Pat had to jog to catch her. “Three times?”
“Probably we shouldn’t count the first time. I was five years old, and I got engaged to Jimmy Fee. Two weeks later I caught him carrying Mary Lee Barnard’s lunch box for her. It’s just that it set a precedent.”
Was she serious? he wondered. A precedent at five years old? He was in love with a crazy person.
“My senior year in college,” she went on, “I got engaged to Steve. I didn’t really want to get married, and I especially didn’t want to get married to Steve, but my parents kept pushing.
“There was this philosophy in my house that a girl went to college to catch a husband. If you didn’t get him by the time you graduated, you were destined for spinsterhood and you’d wasted your parents’ hard – earned money on a mere education.
“I can’t even remember how it happened, but suddenly I was engaged. Fortunately, Steve realized his error and skipped town. Took the ring off my finger one day when I fell asleep in the library and left me a note saying he was joining the foreign legion.
“Then there was Dave. My parents thought Dave was the best thing since macaroni. Dave wasn’t really such a bad guy. It’s just that he was in love with my parents, not me. He liked my mom’s cooking and my dad’s choice of television shows.
“We got all the way to the altar. I stood there in my white satin gown with twelve hundred seed pearls embroidered on the bodice, in front of an audience of two hundred friends and relatives, and I turned to Dave and wondered what on earth I was doing there. Dave looked at me, then walked down the aisle and out of the church. Two days later he came over to the house to apologize and watch the ball game with my dad.”
“Are you making this up?” Pat asked.
Her eyes filled with tears. “It was awful.”

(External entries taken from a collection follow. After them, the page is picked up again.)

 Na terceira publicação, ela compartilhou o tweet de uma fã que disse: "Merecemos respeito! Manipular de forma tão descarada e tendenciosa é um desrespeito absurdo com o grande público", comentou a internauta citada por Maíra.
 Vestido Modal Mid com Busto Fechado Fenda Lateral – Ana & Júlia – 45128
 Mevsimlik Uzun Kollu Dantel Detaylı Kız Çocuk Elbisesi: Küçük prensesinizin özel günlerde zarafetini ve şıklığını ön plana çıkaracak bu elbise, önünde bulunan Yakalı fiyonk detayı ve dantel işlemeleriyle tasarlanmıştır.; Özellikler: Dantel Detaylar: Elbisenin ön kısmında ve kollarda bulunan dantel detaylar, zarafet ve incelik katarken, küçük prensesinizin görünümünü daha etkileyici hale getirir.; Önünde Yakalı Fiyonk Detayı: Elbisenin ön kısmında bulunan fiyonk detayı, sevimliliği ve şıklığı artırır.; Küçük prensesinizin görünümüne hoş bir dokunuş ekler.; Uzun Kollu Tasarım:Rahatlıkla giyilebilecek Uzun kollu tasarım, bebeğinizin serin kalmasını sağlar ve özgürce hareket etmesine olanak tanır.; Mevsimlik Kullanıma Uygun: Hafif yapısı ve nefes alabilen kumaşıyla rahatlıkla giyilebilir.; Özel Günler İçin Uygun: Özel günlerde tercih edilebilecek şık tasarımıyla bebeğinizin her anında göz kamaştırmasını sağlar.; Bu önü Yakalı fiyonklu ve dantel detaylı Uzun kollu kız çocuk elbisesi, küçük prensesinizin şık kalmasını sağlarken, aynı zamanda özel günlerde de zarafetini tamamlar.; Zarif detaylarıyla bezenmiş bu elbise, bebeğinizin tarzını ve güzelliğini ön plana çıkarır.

He gathered her into his arms and held her close, not knowing what to say. The thought of Megan’s being left at the altar made his stomach contract into painful knots. He stroked her silky red hair and rested his chin against her head. He wanted to ask her to marry him. He wanted to ask her to come live in his little cottage, where he could keep her safe and secure and loved, but he was afraid of committing the very crime he wanted to prevent. He was afraid he’d hurt her. He wasn’t going to make a very good husband for the next two years.

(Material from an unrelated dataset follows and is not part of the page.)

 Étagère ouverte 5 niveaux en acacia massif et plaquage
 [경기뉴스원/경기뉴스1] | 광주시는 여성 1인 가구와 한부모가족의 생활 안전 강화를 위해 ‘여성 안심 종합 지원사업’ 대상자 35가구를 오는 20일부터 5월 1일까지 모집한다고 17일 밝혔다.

What were the alternatives? Break off with her? He’d sooner chop off an arm or a leg. A prolonged engagement? If things didn’t work out it would be the third time she’d had to give back a ring. He couldn’t do that to her. Live together? Nope. He was a pediatrician in a small town. He had to set an example. They could be friends. They could have a long, old fashioned courtship. He sighed. They were way past courtship. “Oh, hell.”
She snuggled into him. “Don’t worry about Dave. I’m fine now. It all worked out for the best.”

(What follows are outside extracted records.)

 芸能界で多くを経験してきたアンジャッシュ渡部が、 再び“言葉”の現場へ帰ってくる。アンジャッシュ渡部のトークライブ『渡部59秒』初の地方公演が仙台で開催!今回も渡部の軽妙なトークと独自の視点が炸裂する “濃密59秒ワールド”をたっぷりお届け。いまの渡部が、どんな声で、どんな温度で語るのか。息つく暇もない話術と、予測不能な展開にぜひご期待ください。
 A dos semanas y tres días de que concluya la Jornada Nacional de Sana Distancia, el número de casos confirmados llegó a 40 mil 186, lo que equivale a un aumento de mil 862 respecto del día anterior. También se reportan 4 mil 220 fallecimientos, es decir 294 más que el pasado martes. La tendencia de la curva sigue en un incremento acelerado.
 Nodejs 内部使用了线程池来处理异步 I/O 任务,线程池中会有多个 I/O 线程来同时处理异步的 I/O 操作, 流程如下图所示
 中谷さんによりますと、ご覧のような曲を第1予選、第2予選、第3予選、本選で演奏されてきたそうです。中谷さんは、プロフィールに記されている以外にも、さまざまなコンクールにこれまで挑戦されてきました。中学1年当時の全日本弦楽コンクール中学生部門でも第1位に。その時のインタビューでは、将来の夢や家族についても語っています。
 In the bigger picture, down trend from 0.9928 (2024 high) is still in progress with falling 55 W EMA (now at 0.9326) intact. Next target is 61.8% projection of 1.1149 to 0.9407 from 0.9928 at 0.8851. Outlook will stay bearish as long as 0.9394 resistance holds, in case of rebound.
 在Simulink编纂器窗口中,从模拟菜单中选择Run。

“Damn right. If you’d married Dave, I’d have to eat all those turkey leftovers by myself.”
Megan pulled away. She slid her hand into his and started down Duke of Gloucester Street. He was a slippery one, she thought. He was a master at extricating himself from tender moments. They’d talked about her past, but they hadn’t talked about his. She was beginning to wonder how many women Patrick Hunter had left at the altar.
“You ever been engaged?”
“Nope.”
A horrible possibility flashed through her mind. “You ever been married?”
“No.”
“Why not?”
He shrugged. “No time. No money.” He squeezed her hand. “No Megan.”
“Hmmm.”
“There’s that ‘hmmm’ again. Am I in trouble?”